Die genaue Analyse des CONSTANS-Proteins zeigte verschiedene Regulationsebenen, die in den physiologischen Experimenten von Bünning und anderen seinerzeit noch nicht vorherzusehen waren. Zusätzlich zur Stabilisierung des CONSTANS-Proteins am Ende des Tages entdeckten die Kölner Wissenschaftler, dass ein weiterer Lichtrezeptor, Phytochrom B, dafür sorgt, dass CONSTANS bei Tagesanbruch wieder abgebaut wird. Dass CONSTANS am Ende des Tages aktiviert wird, hängt also sowohl vom circadianen Rhythmus ab, der die Bildung der Boten-RNA steuert, als auch vom Antagonismus zwischen verschiedenen Lichtrezeptoren. Während einige der Rezeptoren zum Abbau des CONSTANS-Proteins am Morgen führen, bewirken andere dessen Stabilisierung am Abend.

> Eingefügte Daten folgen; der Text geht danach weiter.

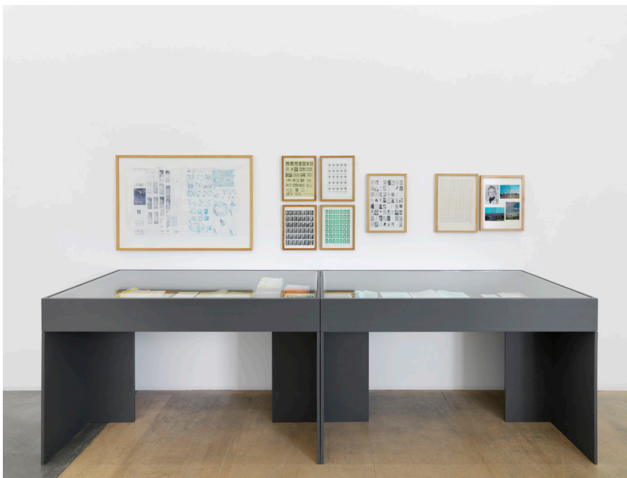
Exhibition view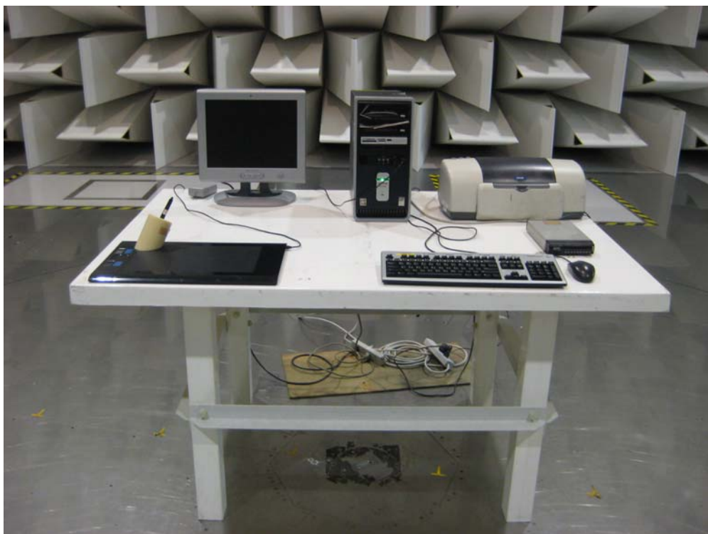
PTK-840 / KP-701E / STJ-276 (Right-handed)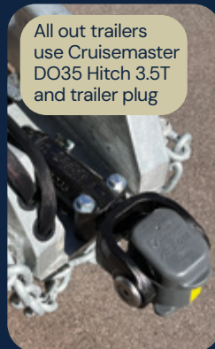
All out trailers use Cruisemaster DO35 Hitch 3.5T and trailer plug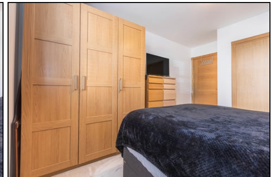
3.1m x 4.3m (10' 2" x 14' 1")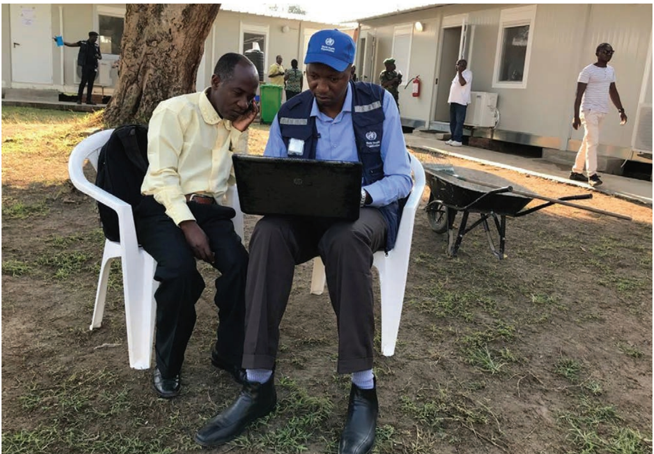
Two surveillance officers discussing Key Performance Indicators in the Emergency Operations Center in Beni, North Kivu.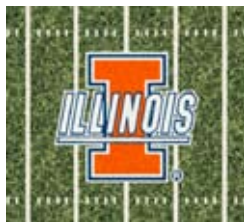
1113 Illini End Zone Color: Orange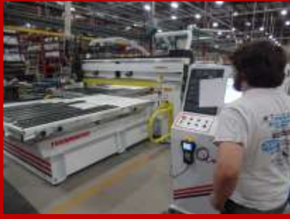
Pre-Engineering - CAPSTONE Highwood USA - Hometown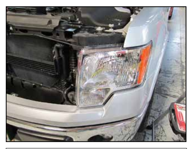
ff. Plug in the three connectors from the headlight assembly and reinstall the headlight. Secure it with the three bolts removed in step 2k.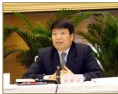
Shaoshi Xu Minister of Land and Resources, People's Republic of China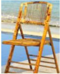
Bamboo Chair $10 USD each

Diese grundlegenden Beobachtungen sind nicht auf die Ackerschmalwand Arabidopsis allein beschränkt. So haben japanische Forscher erst vor kurzem gezeigt, dass CONSTANS und andere Proteine der Blütenbildung auch im Reis vorkommen, dessen letzter gemeinsame Vorfahre mit Arabidopsis immerhin vor gut 150 Millionen Jahren existierte. CONSTANS kontrolliert also die von der Tagenslänge abhängig Blütenbildung auch in dieser wichtigen Nutzpflanze. Die von den Kölner Wissenschaftlern gemachte Entdeckung hat daher wahrscheinlich Bedeutung für alle Blütenpflanzen.